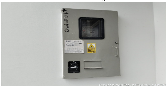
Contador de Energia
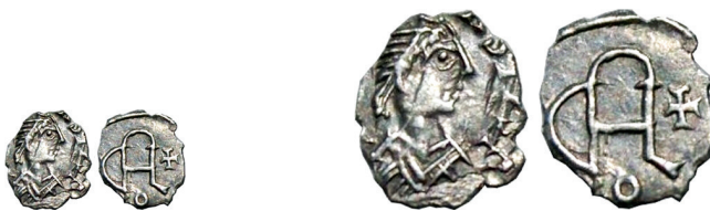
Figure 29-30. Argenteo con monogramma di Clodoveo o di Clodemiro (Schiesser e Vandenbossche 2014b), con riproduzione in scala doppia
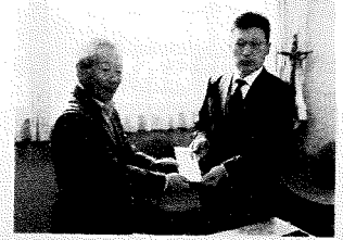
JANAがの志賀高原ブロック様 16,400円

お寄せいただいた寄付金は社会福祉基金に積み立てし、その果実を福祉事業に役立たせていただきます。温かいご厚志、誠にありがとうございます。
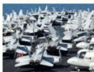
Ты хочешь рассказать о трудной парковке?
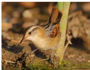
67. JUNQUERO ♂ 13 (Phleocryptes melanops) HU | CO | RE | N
________________________________________
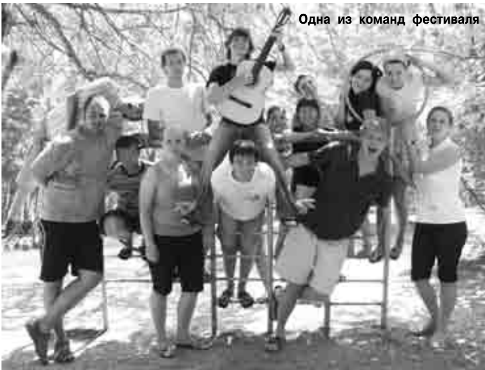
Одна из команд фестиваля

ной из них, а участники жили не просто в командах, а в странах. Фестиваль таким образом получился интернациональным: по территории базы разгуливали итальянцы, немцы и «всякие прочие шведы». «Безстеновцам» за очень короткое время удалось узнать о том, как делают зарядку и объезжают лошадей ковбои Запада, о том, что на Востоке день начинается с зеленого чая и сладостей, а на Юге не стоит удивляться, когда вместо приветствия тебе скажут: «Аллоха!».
________________________________________
(Your task)
Although pictures appear among the records above, write out exactly only the lines from the one that has "お寄せいただいた寄付金は社会" through the one that has "67. JUNQUERO ♂", and leave the pictures out.

(Your solution)
お寄せいただいた寄付金は社会福祉基金に積み立てし、その果実を福祉事業に役立たせていただきます。温かいご厚志、誠にありがとうございます。
Ты хочешь рассказать о трудной парковке?
67. JUNQUERO ♂ 13 (Phleocryptes melanops) HU | CO | RE | N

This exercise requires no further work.